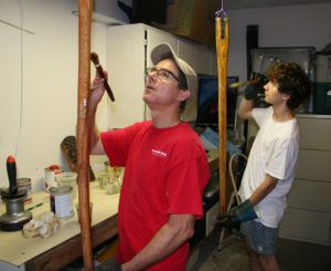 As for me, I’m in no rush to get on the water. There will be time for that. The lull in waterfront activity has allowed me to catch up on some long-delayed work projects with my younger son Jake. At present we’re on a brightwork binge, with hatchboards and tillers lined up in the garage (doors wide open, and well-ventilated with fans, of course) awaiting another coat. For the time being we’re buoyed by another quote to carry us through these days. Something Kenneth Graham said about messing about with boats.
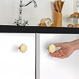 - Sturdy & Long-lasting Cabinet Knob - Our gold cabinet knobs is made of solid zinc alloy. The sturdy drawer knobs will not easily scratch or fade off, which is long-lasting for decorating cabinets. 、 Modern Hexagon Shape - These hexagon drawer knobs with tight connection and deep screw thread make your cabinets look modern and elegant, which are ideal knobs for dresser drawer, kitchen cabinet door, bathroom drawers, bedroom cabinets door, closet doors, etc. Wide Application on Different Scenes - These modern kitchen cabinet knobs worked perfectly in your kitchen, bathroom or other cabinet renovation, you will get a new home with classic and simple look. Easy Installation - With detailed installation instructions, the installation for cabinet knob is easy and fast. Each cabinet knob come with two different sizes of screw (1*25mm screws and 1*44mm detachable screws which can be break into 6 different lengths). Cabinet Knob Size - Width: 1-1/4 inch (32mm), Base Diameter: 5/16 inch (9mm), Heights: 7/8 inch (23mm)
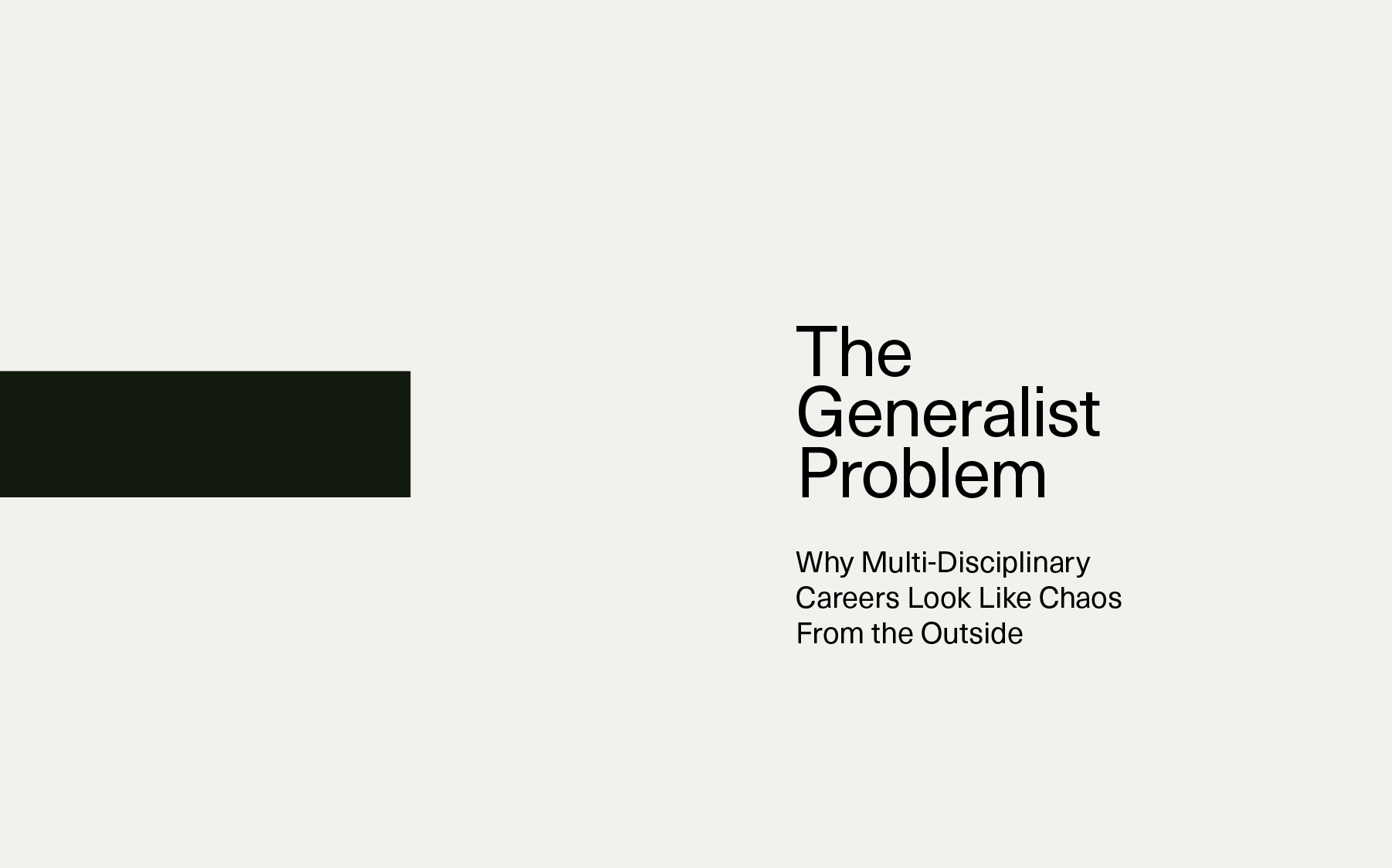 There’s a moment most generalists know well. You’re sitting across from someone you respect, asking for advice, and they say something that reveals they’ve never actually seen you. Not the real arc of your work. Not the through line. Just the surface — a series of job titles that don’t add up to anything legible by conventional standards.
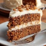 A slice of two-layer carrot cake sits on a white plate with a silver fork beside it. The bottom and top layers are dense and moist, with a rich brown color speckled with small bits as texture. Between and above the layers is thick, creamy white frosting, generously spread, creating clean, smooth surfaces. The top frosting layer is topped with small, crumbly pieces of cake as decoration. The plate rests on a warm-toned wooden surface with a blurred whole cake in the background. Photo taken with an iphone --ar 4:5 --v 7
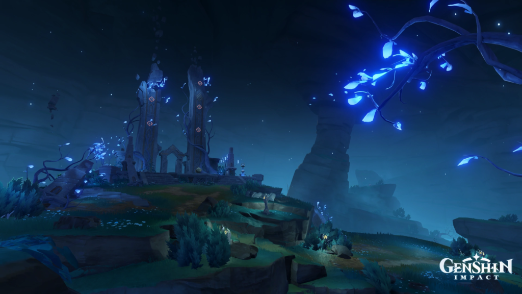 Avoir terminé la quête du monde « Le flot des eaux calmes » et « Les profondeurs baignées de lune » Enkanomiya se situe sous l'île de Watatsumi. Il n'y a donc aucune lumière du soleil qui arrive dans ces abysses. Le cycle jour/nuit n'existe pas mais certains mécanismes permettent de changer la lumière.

------------------------------

[What you are asked to do] Quote in full the listing given above; the images are to be left out.

[Output below]
 As for me, I’m in no rush to get on the water. There will be time for that. The lull in waterfront activity has allowed me to catch up on some long-delayed work projects with my younger son Jake. At present we’re on a brightwork binge, with hatchboards and tillers lined up in the garage (doors wide open, and well-ventilated with fans, of course) awaiting another coat. For the time being we’re buoyed by another quote to carry us through these days. Something Kenneth Graham said about messing about with boats.
 - Sturdy & Long-lasting Cabinet Knob - Our gold cabinet knobs is made of solid zinc alloy. The sturdy drawer knobs will not easily scratch or fade off, which is long-lasting for decorating cabinets. 、 Modern Hexagon Shape - These hexagon drawer knobs with tight connection and deep screw thread make your cabinets look modern and elegant, which are ideal knobs for dresser drawer, kitchen cabinet door, bathroom drawers, bedroom cabinets door, closet doors, etc. Wide Application on Different Scenes - These modern kitchen cabinet knobs worked perfectly in your kitchen, bathroom or other cabinet renovation, you will get a new home with classic and simple look. Easy Installation - With detailed installation instructions, the installation for cabinet knob is easy and fast. Each cabinet knob come with two different sizes of screw (1*25mm screws and 1*44mm detachable screws which can be break into 6 different lengths). Cabinet Knob Size - Width: 1-1/4 inch (32mm), Base Diameter: 5/16 inch (9mm), Heights: 7/8 inch (23mm)
 There’s a moment most generalists know well. You’re sitting across from someone you respect, asking for advice, and they say something that reveals they’ve never actually seen you. Not the real arc of your work. Not the through line. Just the surface — a series of job titles that don’t add up to anything legible by conventional standards.
 A slice of two-layer carrot cake sits on a white plate with a silver fork beside it. The bottom and top layers are dense and moist, with a rich brown color speckled with small bits as texture. Between and above the layers is thick, creamy white frosting, generously spread, creating clean, smooth surfaces. The top frosting layer is topped with small, crumbly pieces of cake as decoration. The plate rests on a warm-toned wooden surface with a blurred whole cake in the background. Photo taken with an iphone --ar 4:5 --v 7
 Avoir terminé la quête du monde « Le flot des eaux calmes » et « Les profondeurs baignées de lune » Enkanomiya se situe sous l'île de Watatsumi. Il n'y a donc aucune lumière du soleil qui arrive dans ces abysses. Le cycle jour/nuit n'existe pas mais certains mécanismes permettent de changer la lumière.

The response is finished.